Тихо, чтобы снова не разозлить Джека, Кермит сказал:
— Это обман, но блестящий обман. И он может сработать. Но как быть с ее гримом. Мы не можем пойти на то, чтобы она была не похожа на себя. Джек! Джек!
Финли понял, что Кермит умоляет его. Кермит, ветеран, человек, за плечами у которого много хитов, громкое имя на Бродвее, умолял, потому что он израсходовал все другие средства.
Джек ответил без колебаний и нерешительности, потому что он уже час назад знал, как он справится с Джулией.
— Я уменьшу свет на протяжении всего спектакля. Заставлю ее наложить грим по-новому. И затем… затем…
Джек замолк, думая о своем, стоит ли ему открывать Кермиту все.
— Джек! — умоляюще произнес Кермит, получивший за вечер свою дозу сюрпризов и потрясений.
— С начала последней сцены я буду прибавлять свет — очень медленно, едва заметно. К тому моменту, когда Джулия закончит сцену и повернется к залу, она будет ярко освещена.
— Господи, Джек! — запротестовал Кермит. — Ты погубишь ее!

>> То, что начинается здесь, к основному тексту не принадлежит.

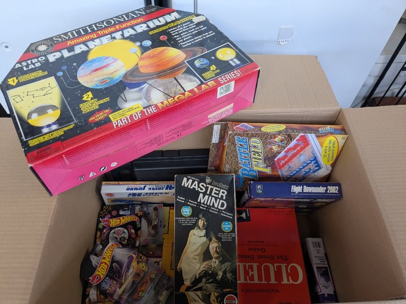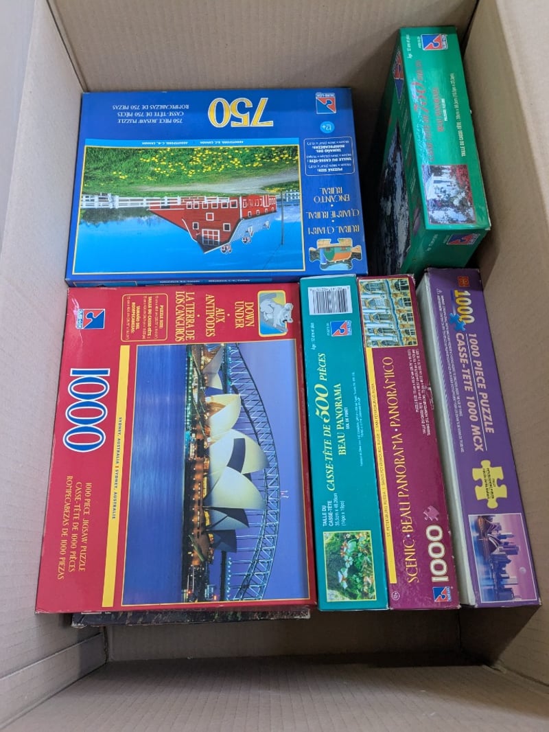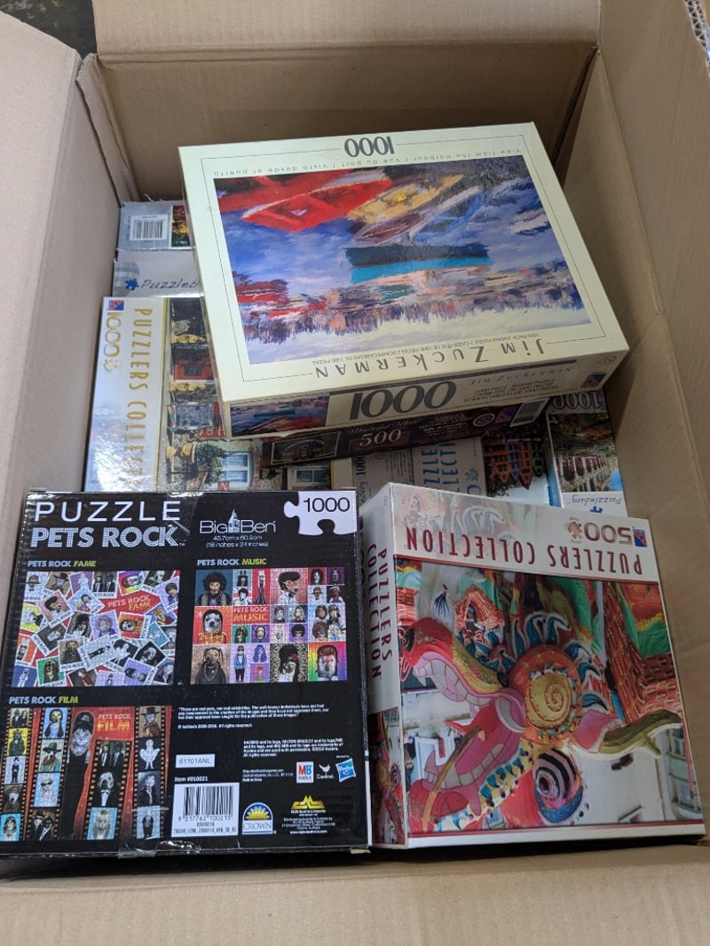 Toys/ games, 7 boxes including hot wheels, assorted puzzles and more
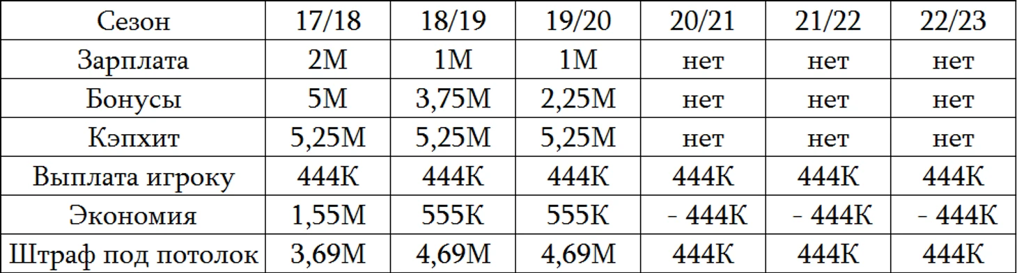 Хотя в последний год контракта Бенн будет получать 6 млн, под потолком все равно будет стоять 9,5 млн.
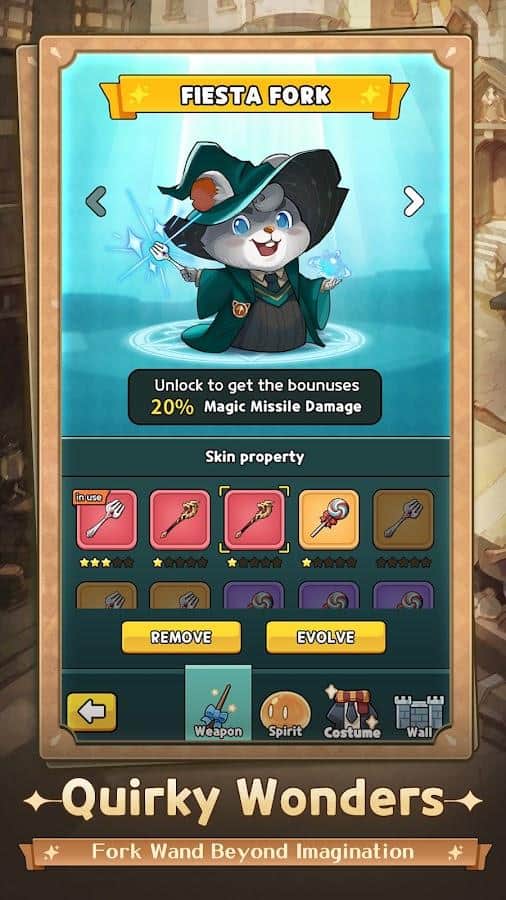 Ratón Mago: Defensa de la Escuela - un juego para aficionados a mundos mágicos y estrategia con elementos de rol. ¡Lucha contra feroces oleadas de criaturas mágicas usando los hechizos más poderosos! Cada hechizo que aprendes añade variedad a tus habilidades, y una combinación exitosa te ayuda a derrotar a tus enemigos con la máxima eficiencia. ¡Invoca guardianes legendarios y entrénalos para llevar a la academia a la victoria en la batalla final contra las fuerzas oscuras! Desbloquea y mejora las instalaciones académicas como la sala común o el laboratorio de investigación para mejorar la defensa mágica de la escuela.
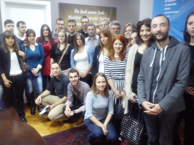 Students from various universities in Serbia and human rights organizations’ activists, who attend a seminar organized by OSCE in Serbia titled “Dealing with the Past and Judicial Institutions”, visited the Humanitarian Law Center (HLC) on Friday, October 25th, 2013.

— Нет, не погублю! Вы только молчите. Я не буду даже пробовать это до последнего просмотра в Нью-Йорке.
— Джек, не погубите все!
— Не беспокойтесь.
Вечером в пятницу новый конец получился неважным из-за того, что молодой человек плохо знал свои слова. Но в субботу утром финал удался. Больше всего Джулия любила играть в субботу вечером. В это представление она вложила весь свой талант и сорвала шквал аплодисментов. В зале впервые зазвучали крики «браво».
Так прошли три первых прогона в Нью-Йорке. Спонсоров теперь волновало только освещение. Один из них сказал:
— Кажется, что по такой темной сцене не пройти без собаки-поводыря.
Джек проявил твердость; они обвинили его в излишнем самомнении, упрямстве. Но он стоял на своем.
Вечером, в среду, во время последнего прогона, Кермит ждал в конце зала, пока Джек давал осветителю новые указания. Они досмотрели спектакль до последней сцены. Свет начал усиливаться так медленно, что Кермит заметил это лишь в середине сцены. Поняв, что происходит, он почти перестал дышать до того момента, когда Джулия повернулась лицом к публике.
Ярко освещенная Джулия повернулась к залу своим расплывшимся, опухшим, стареющим лицом. С момента начала сцены она, казалось, постарела на двадцать лет.
Переведя дыхание, Кермит сказал:
— Вы не можете обойтись с ней так!
— Я уже сделал это, — очень твердо сказал Джек. — И если вы попытаетесь мне помешать, я выброшу вас из театра, как Сидни! Понятно, Кермит?
На этом дискуссия закончилась. К счастью, Джулия так сосредоточилась на последней сцене, что не заметила изменения в освещении.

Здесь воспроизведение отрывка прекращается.